The problem:
From the first line of the data down to and including the line with "Массив иконостаса декорирован", copy everything exactly, leaving out pictures.

Excerpted data:
==========
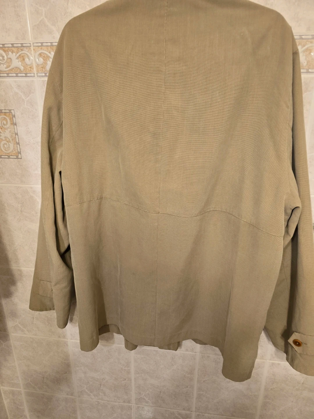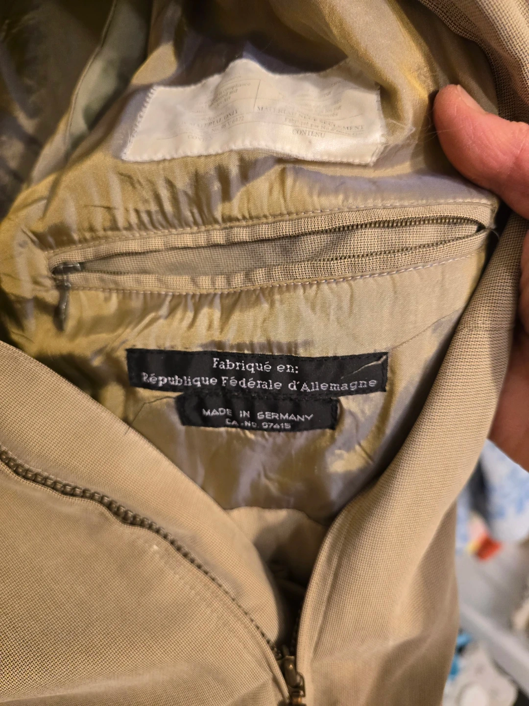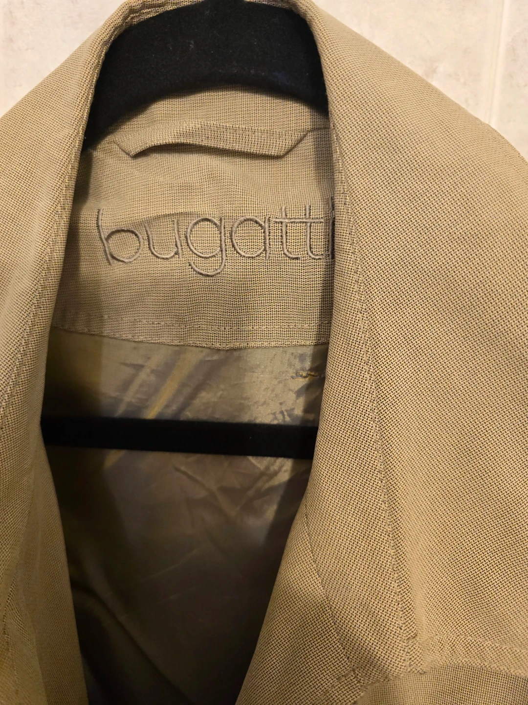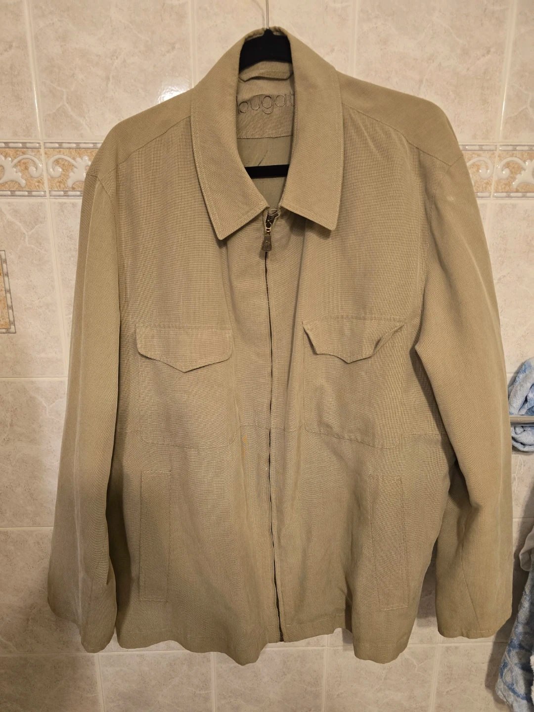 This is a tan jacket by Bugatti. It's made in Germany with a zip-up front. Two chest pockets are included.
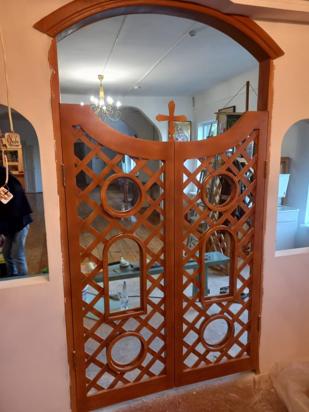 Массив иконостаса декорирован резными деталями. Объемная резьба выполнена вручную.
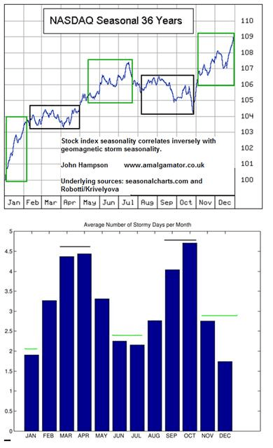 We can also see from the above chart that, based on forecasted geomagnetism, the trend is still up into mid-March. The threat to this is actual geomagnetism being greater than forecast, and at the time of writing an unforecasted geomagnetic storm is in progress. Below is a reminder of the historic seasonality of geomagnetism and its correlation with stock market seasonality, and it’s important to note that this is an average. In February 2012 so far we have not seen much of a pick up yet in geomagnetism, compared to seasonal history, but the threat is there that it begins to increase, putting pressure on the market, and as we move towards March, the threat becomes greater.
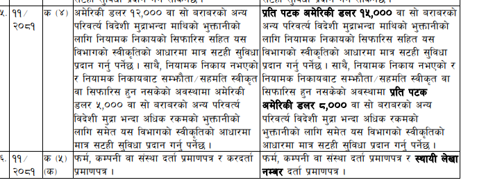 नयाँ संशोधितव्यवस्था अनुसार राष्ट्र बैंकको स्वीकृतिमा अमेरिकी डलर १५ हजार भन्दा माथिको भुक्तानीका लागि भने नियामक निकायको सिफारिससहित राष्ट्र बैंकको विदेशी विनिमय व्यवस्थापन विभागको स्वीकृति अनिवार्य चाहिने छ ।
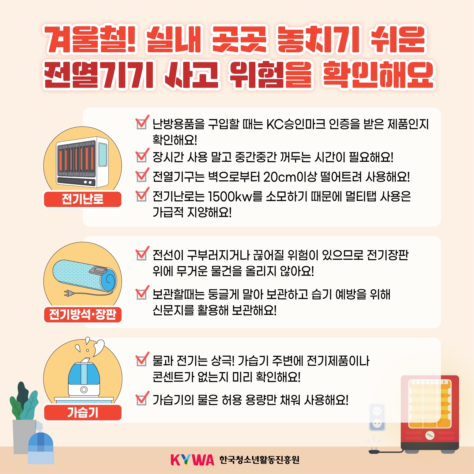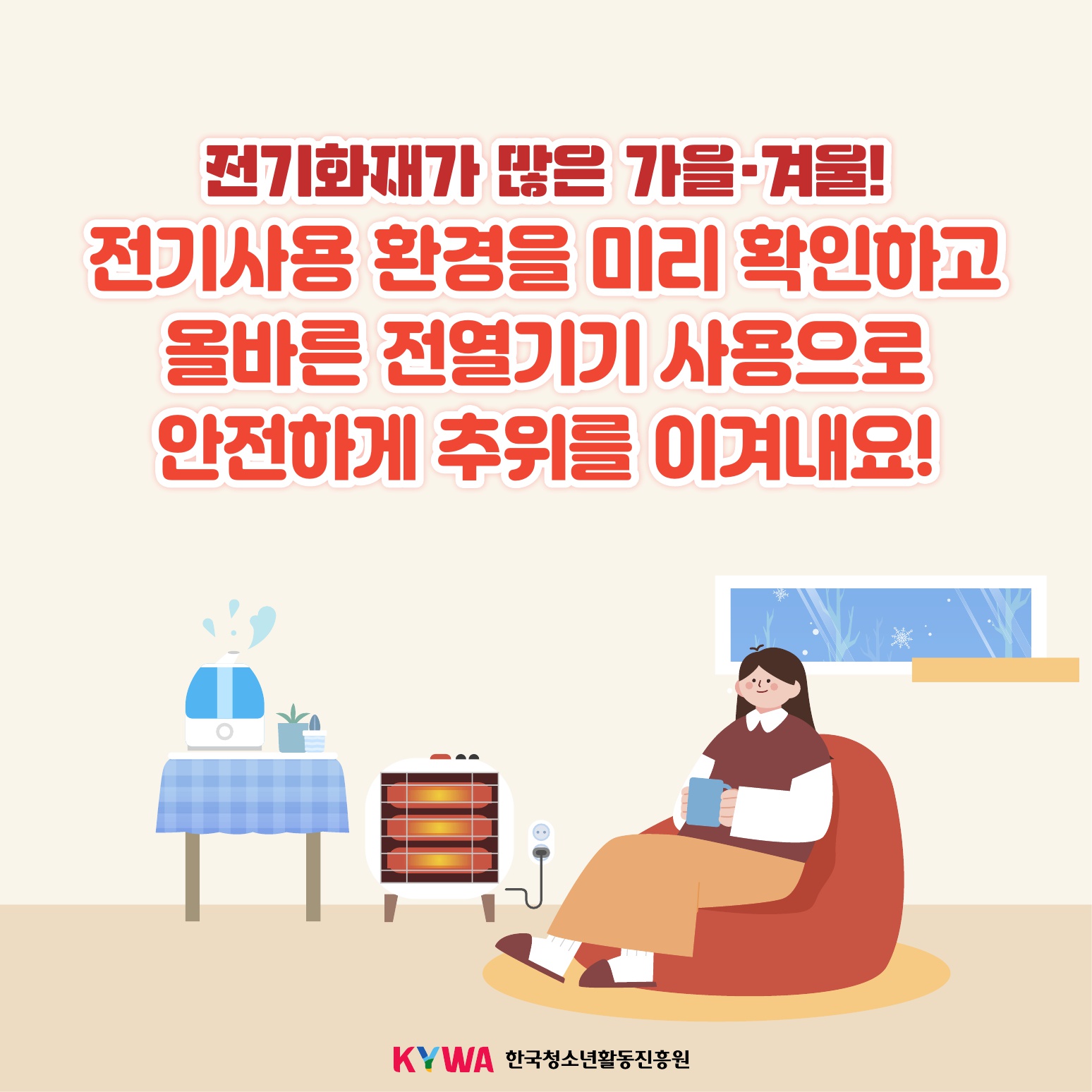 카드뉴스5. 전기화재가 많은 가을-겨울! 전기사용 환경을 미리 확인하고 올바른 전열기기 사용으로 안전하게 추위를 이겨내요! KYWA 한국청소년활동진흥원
==========
Response area:
 This is a tan jacket by Bugatti. It's made in Germany with a zip-up front. Two chest pockets are included.
 Массив иконостаса декорирован резными деталями. Объемная резьба выполнена вручную.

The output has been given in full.